The task ▸ Although the records include pictures, print only the rest, exactly as written.

- - - - - - -

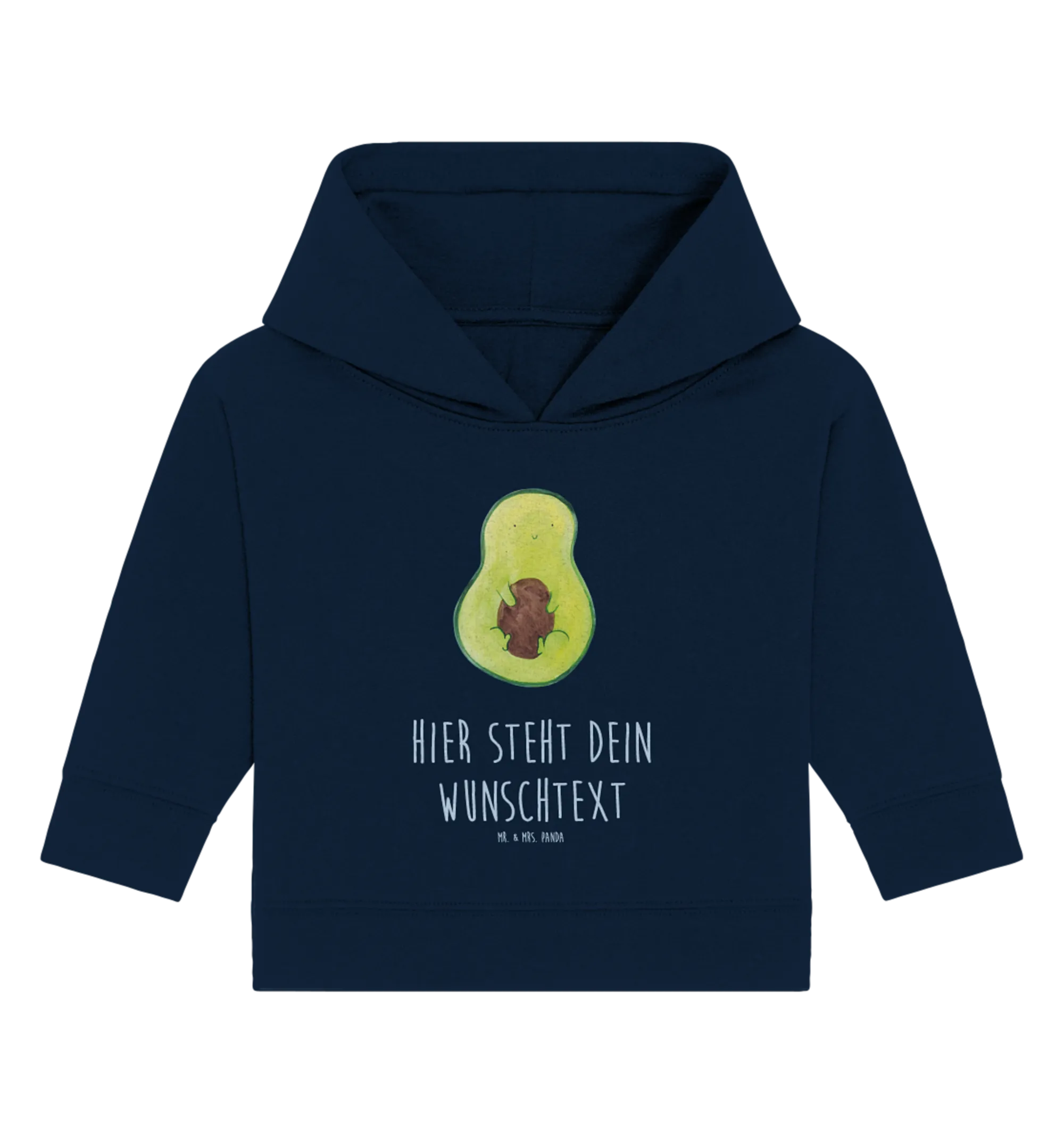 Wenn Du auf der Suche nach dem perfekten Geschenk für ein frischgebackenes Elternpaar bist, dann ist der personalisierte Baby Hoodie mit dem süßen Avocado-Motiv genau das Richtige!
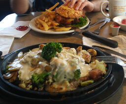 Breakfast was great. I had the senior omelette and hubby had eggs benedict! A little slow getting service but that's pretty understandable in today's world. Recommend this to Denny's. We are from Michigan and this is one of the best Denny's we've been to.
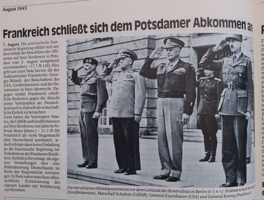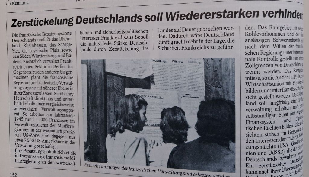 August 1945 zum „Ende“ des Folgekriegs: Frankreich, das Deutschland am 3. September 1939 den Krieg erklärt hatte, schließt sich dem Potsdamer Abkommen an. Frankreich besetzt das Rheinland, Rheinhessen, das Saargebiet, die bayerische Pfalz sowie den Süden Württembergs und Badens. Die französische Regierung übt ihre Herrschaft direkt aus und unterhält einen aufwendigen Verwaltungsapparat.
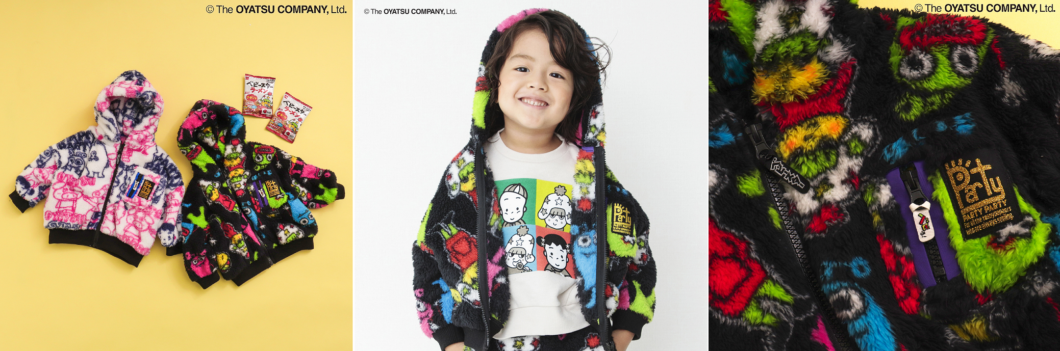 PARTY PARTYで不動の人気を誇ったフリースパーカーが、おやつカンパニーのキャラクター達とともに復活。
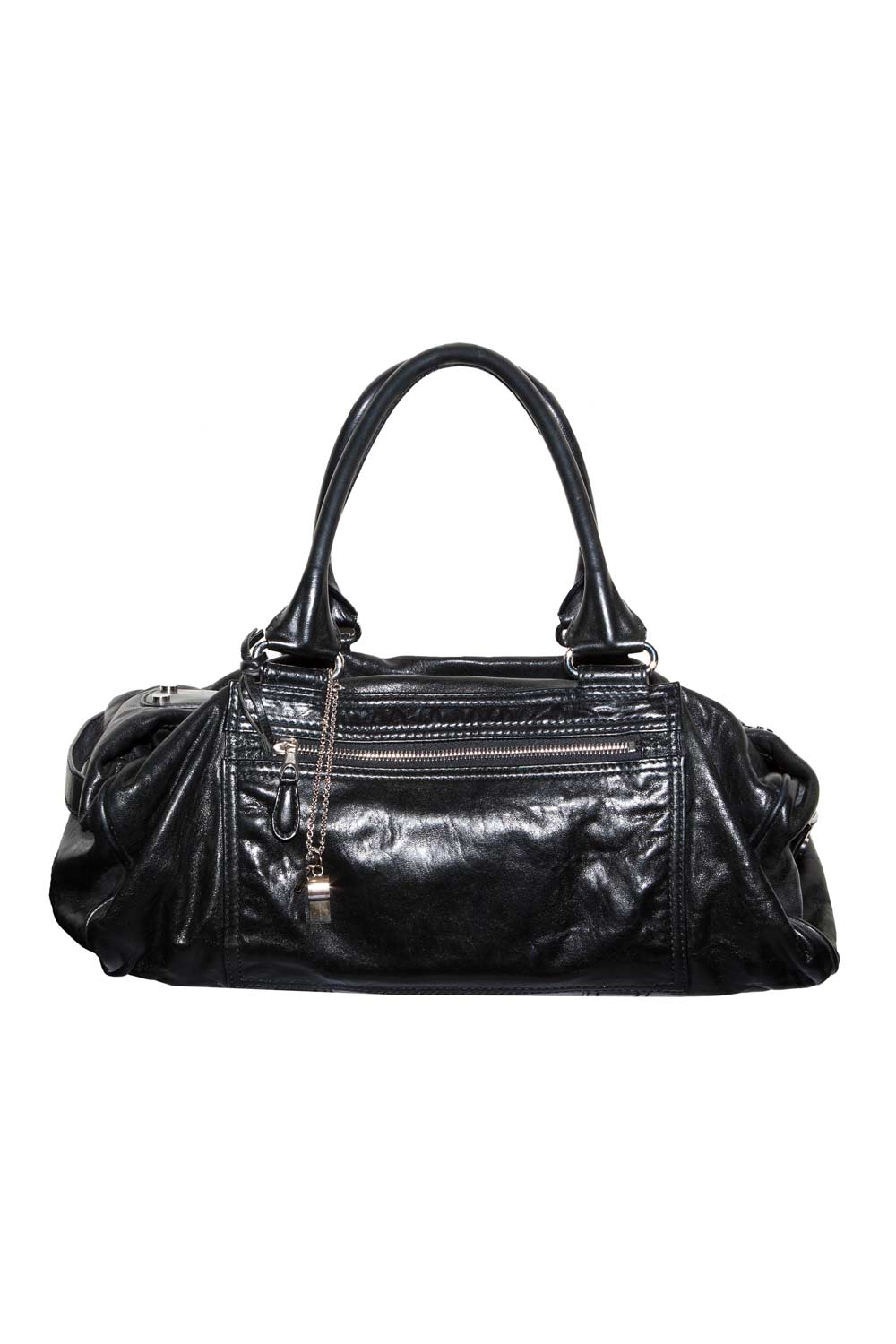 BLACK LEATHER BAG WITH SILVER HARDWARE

- - - - - - -

Solution to this exercise ▸
 Wenn Du auf der Suche nach dem perfekten Geschenk für ein frischgebackenes Elternpaar bist, dann ist der personalisierte Baby Hoodie mit dem süßen Avocado-Motiv genau das Richtige!
 Breakfast was great. I had the senior omelette and hubby had eggs benedict! A little slow getting service but that's pretty understandable in today's world. Recommend this to Denny's. We are from Michigan and this is one of the best Denny's we've been to.
 August 1945 zum „Ende“ des Folgekriegs: Frankreich, das Deutschland am 3. September 1939 den Krieg erklärt hatte, schließt sich dem Potsdamer Abkommen an. Frankreich besetzt das Rheinland, Rheinhessen, das Saargebiet, die bayerische Pfalz sowie den Süden Württembergs und Badens. Die französische Regierung übt ihre Herrschaft direkt aus und unterhält einen aufwendigen Verwaltungsapparat.
 PARTY PARTYで不動の人気を誇ったフリースパーカーが、おやつカンパニーのキャラクター達とともに復活。
 BLACK LEATHER BAG WITH SILVER HARDWARE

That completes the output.